Go. You needn't buy a
ticket. (The event is all but sold out anyway.) Tens of thousands
of fans will be coming to the U.S. just to mill about, to
hole up in a bar, to sample the atmosphere. Find 'em. Chat
'em up. Tell 'em how Pippen is good-for-nothing and Bonilla
is humorously
overpaid, and they'll tell you about some blight-on-the-pitch
lad with a lousy work rate who isn't worth his kit in
transfer fees and should have never been capped. You may
not entirely understand one another, but you'll each be
airing a universal
gripe.
Let's not kid ourselves: The World Cup is here simply
because FIFA believes the time has come to crack the
world's richest consumer market. But whether we're
witnessing a birth or a burial shouldn't be the focus of
the next four weeks.
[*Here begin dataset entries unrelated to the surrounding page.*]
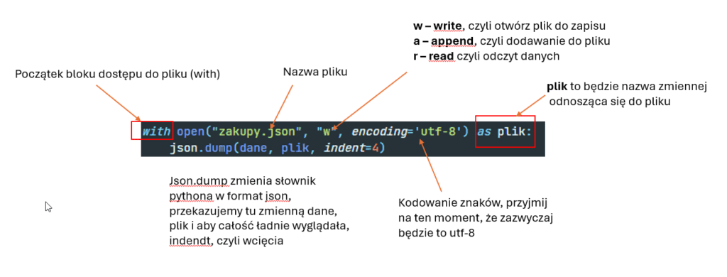 Używamy konstrukcji with open(...). Działa ona jak „samozamykacz” w drzwiach – gwarantuje, że plik zostanie zamknięty po zapisaniu, nawet jak program wyrzuci błąd.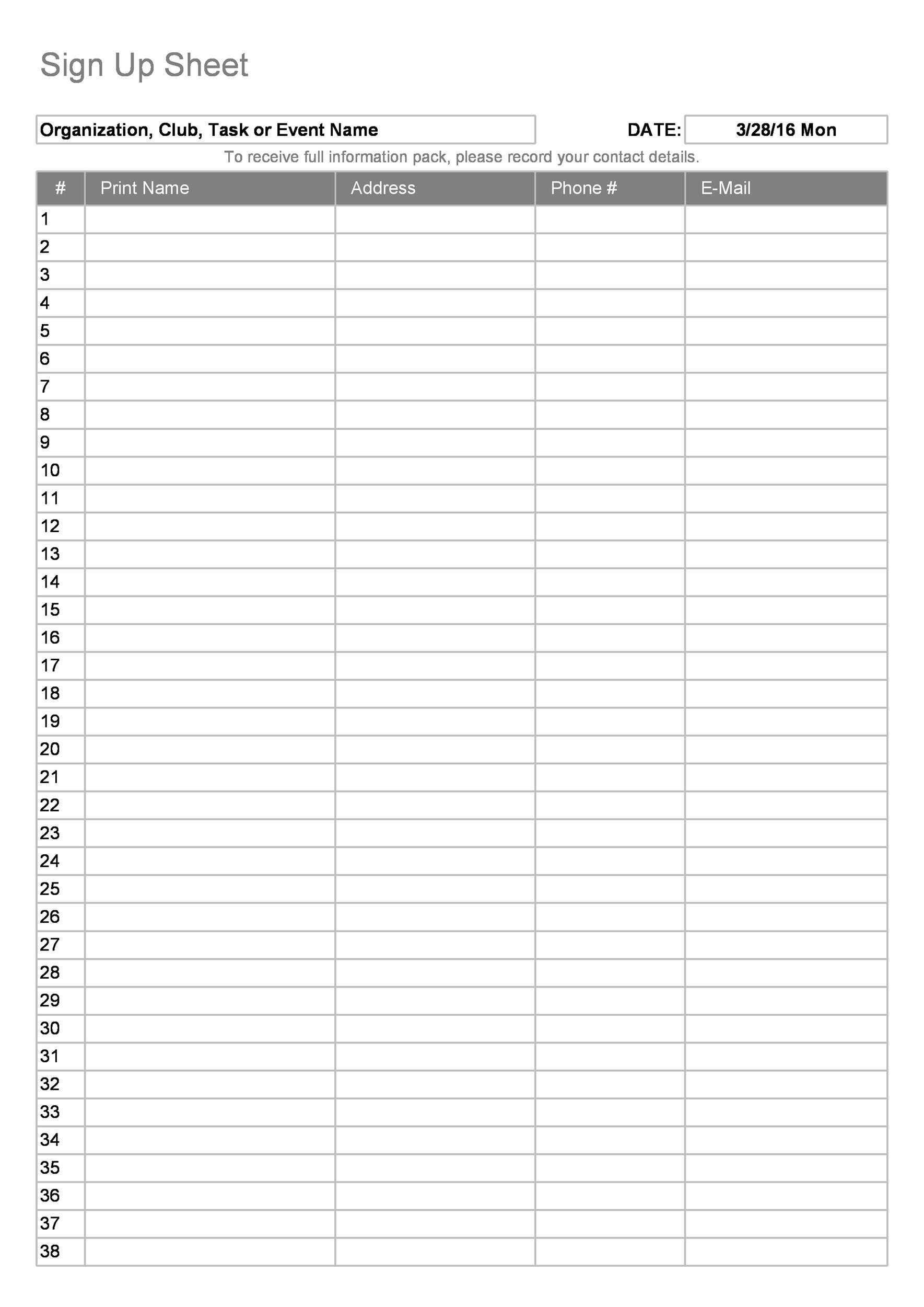 30 Best Email Sign Up Sheet Templates Word Excel Worksheets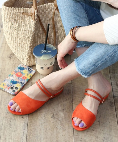 【Fin 2021Summer collection】 ■ペタンコなのにすらっと足元が叶います■ 流れるようなアッパーのデザインに華奢なベルトが大人可愛いFin(フィン)の2WAYフラットサンダルが登場しました。アッパーの流れるような斜めのカットが足元をきれいなラインに演出してくれて、オシャレ感アップ。フラットですが美脚効果も期待できる一足です。 ■2WAYで使える万能アイテム■ 中敷きの下にはふかふかの低反発クッションをセットしているので、足裏にも優しいのが嬉しい。ミュールのようにも履けますが、2本のベルトの間に足を通して、1本をかかとに引っ掛けて履くことも出来る2WAYタイプなので、ホールド感も抜群です。引き続き人気のデニムやワイドパンツにはもちろんですが、ロングスカートやショートパンツなど、リゾートテイストのアイテムと合わせてゆるめに履きこなすのもおすすめです。 ■低反発スポンジ入り(低反発スポンジを使用することにより歩行時の衝撃をやわらげます。) *低反発スポンジ・・・圧力を分散し、包み込む様なクッション感が特徴です。スタッフによるサイズ感■普段のサイズ:Mサイズ(23.5cm) 足幅E(普通)■着用サイズ:Mサイズ■感想:普段はMサイズを履いていますが、素足で合わせてぴったりのサイズ感でした。甲をしっかり覆ってくれるデザインでフィット感があり、素材が柔らかい為足が痛くなってしまうことはありません。かかとを固定して履く際にベルトの金具で調節が出来る為、歩いていても脱げてしまう心配はないです。ヒールは1.2cmと低めの為、長時間履いていても疲れてしまうことはなさそうです。※上記は弊社スタッフの個人的な感想になります。お客様により感想が異なりますため、あくまで参考としてご覧下さい。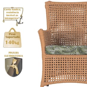 A corda náutica adiciona um toque de rusticidade moderna, enquanto o estofado impermeável garante que sua poltrona esteja sempre impecável, mesmo após uma chuva inesperada ou um acidente com líquidos.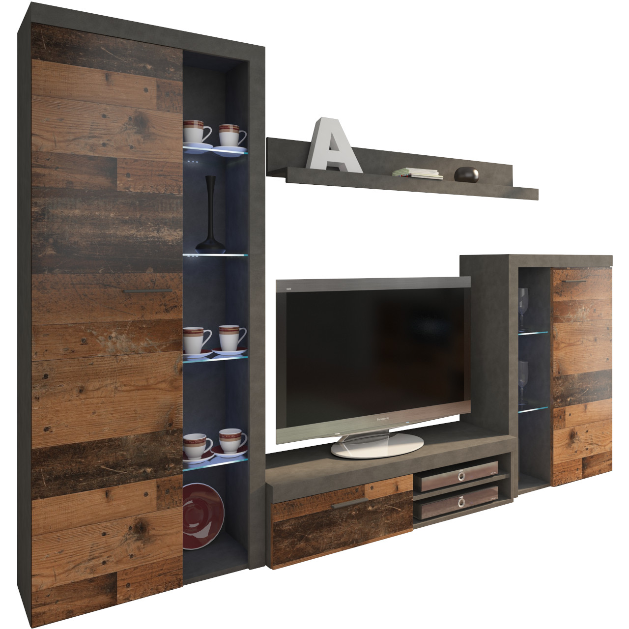 Vitrína vysoká (75/190/33,8) Komoda pod TV (120/31,5/40,3) Závěsná police (140/20,5/19,5) Nízká vitrína (75/117/33,8) |

To dwell on that
now would be a little like getting tickets to a Royal
Shakespeare Company production of Romeo and Juliet and
spending the whole evening wondering if Kevin is going to
make it with Winnie on The Wonder
Years.
When we go abroad, then we can turn into misanthropes. We
can be offended at the naked lady in the pharmacy window
and kvetch that the newspapers don't carry the complete
major league box scores. But we aren't hitting the road
this month. We're the
world's host, and our visitors come bearing a cherished gift.
This World Cup thing, it matters to them. As we watch them
demonstrate how much, a surprising thing may happen: It may
end up mattering to
us.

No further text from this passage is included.